Dataset extract ->
+++++

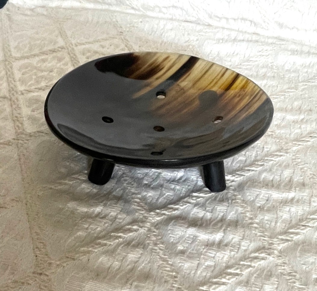 Le zébu est à Madagascar un grand soutien pour les agriculteurs : fort, endurant et résistant à la chaleur. Lorsque la durée de vie de l’animal est terminée, tout est utilisé : la viande, les os et la corne, y compris pour ces coupelles à savon. Elles sont majoritairement foncées, mais également parfois partiellement transparentes avec des rayures. Cette coupelle a un diamètre de 11 cm, avec 5 trous et repose sur 2 cm de petits pieds.
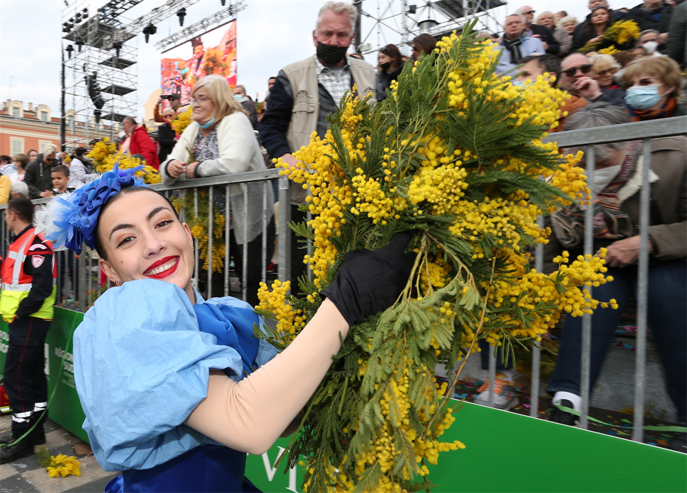 2月13日,在法国尼斯狂欢节“鲜花大战”活动中,表演者向观众发放鲜花。第137届尼斯狂欢节于2月11日至27日举行。在狂欢节“鲜花大战”活动中,游行彩车被鲜花装饰,花车上的表演者将鲜花抛向观众,场面十分壮观。
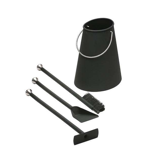 The Morsø Ellipse Fire Tools Set consist of a brush, shovel, and poker which also doubles as a blowpipe, all contained in a fantastic Morso bucket. The bucket can also be used to store gloves, matches and fire-starters.

+++++

Leave the images aside and retype each line of the listing above exactly.

 Le zébu est à Madagascar un grand soutien pour les agriculteurs : fort, endurant et résistant à la chaleur. Lorsque la durée de vie de l’animal est terminée, tout est utilisé : la viande, les os et la corne, y compris pour ces coupelles à savon. Elles sont majoritairement foncées, mais également parfois partiellement transparentes avec des rayures. Cette coupelle a un diamètre de 11 cm, avec 5 trous et repose sur 2 cm de petits pieds.
 2月13日,在法国尼斯狂欢节“鲜花大战”活动中,表演者向观众发放鲜花。第137届尼斯狂欢节于2月11日至27日举行。在狂欢节“鲜花大战”活动中,游行彩车被鲜花装饰,花车上的表演者将鲜花抛向观众,场面十分壮观。
 The Morsø Ellipse Fire Tools Set consist of a brush, shovel, and poker which also doubles as a blowpipe, all contained in a fantastic Morso bucket. The bucket can also be used to store gloves, matches and fire-starters.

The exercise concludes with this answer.